The search results would only need to let the user know from which book the snippet comes, and then it is up to the user herself to purchase the book, borrow it from a library, or obtain it in other ways.

I can not think of a better way to humanize the web.

  • Vlad replied to this.

    I think the idea is great but your title is misleading. It seems to assume that Kagi already does this. As a result, this thread might not really get the traction you are looking for.

    • carl replied to this.

      blosh Good point, I will try to change my title. Edit: I hope the new title is better.

        carl changed the title to Have Kagi index the content of all the books on the internet .

          carl Interesting idea thanks. Can you give a few use cases for searches that would be much improved if we had this? are you perhaps looking for a way to "talk" to these books instead (with an AI)?

          • carl replied to this.

            It might be worth checking if Google allows their book scans to be usable by corporate entities. Replacement Documents would be nice to look into supporting, as they specialize in manuals and guides for old software. This latter source would be good for giving the AI some training when it comes to recognizing different fonts, text in pictures, and so forth.

            Definitely want Kagi AI to be able to look at online books and give responses about them. There is Gamefaqs, which has text guides for many games, sometimes with multiple people making separate observations on the subject matter. Having Kagi AI look at each guide for a game would be handy.

            Mhm. Come to think of it, maybe collaboration with Fantasy Grounds to offer Kagi as an aide might be good to pursue someday? Fantasy Grounds is a virtual tabletop software, used to play roleplaying games. They sell digital books filled with rules and lore, which in turn are usable within the software. Having the Kagi AI being a search engine for those owned books within Fantasy Grounds would be very useful, and spread the word about Kagi.

            Vlad Not really. I'm looking for books being treated as first-class search results and be judged by the relevance of their content in the same way as a web page.

            Practically I think the best presentation would be a snippet of the relevant text, with the book and author name, maybe chapter if possible.

            As for an example, let's take the easiest, a search query relating to the Bible: "The parable of the talents". The Kagi results are fine, but I think the actual quote with a reference to the book is the most desired result.
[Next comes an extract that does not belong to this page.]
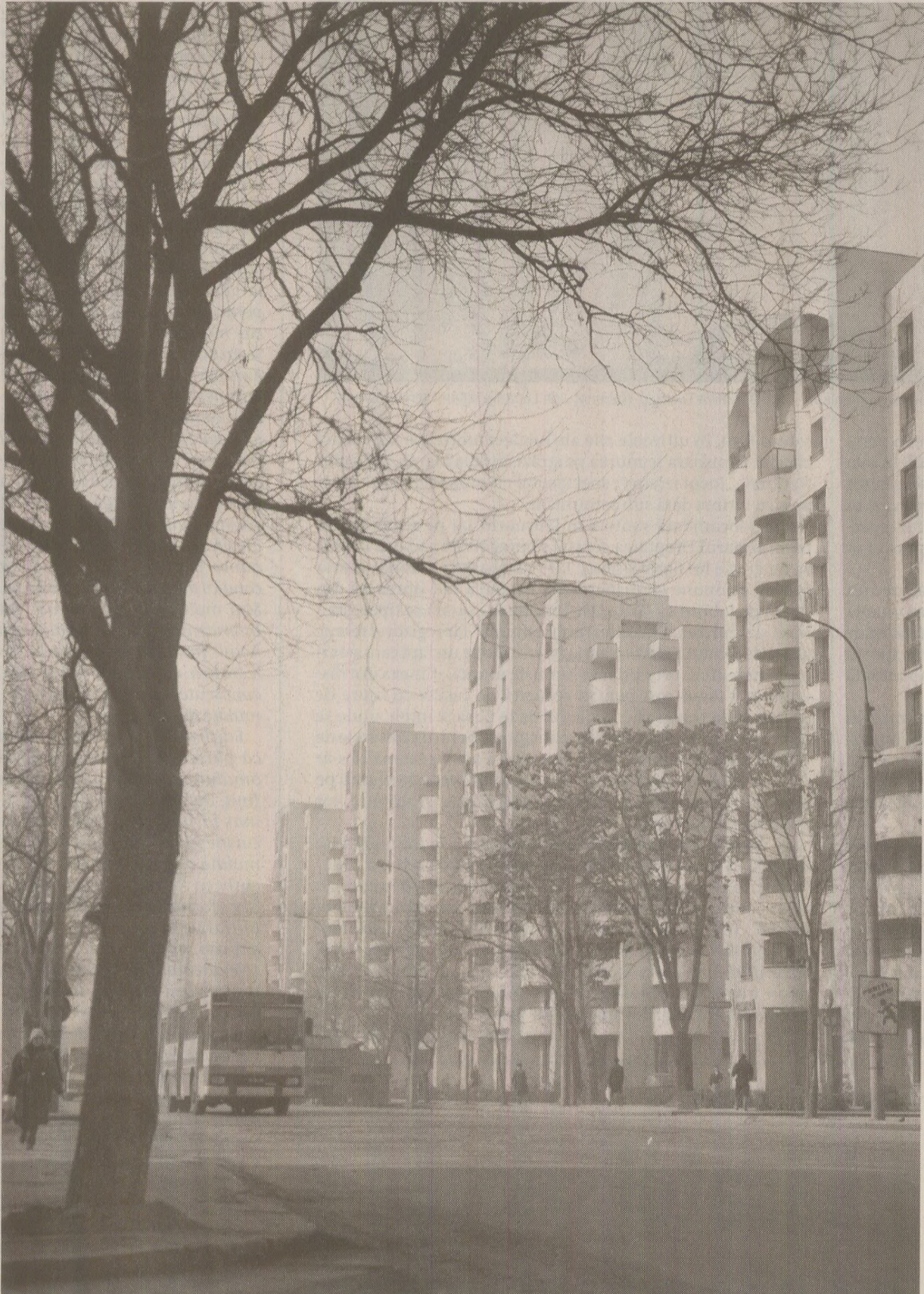
În anul '80, în orașele României au înflorit sute de cartiere de blocuri

Now it is second after Wikipedia.

            Another example query: "fur taxes in Kamchatka". The Kagi results is okay, with a relevant Wikipedia article, and the second result seems to be adequate as well. The third result is spam and the rest of the results seem OK. I think a snippet or quote from a book describing "fur taxes in Kamchatka" should be somewhere in the search results, with a reference to which book. Why not?

            For a lot of historical accounts, the web contains only references and derivative work, when the books have been there for a long time.

            Another query example: "Benjamin Franklin's first newspaper": I'd like to see a snippet from his own account about this from his autobiography in the search results.

            Another query example: "sinking of the endeavour" - Here again I'd like to have a snippet or reference to the first-hand account from any of the several books that were published by the people who saw it.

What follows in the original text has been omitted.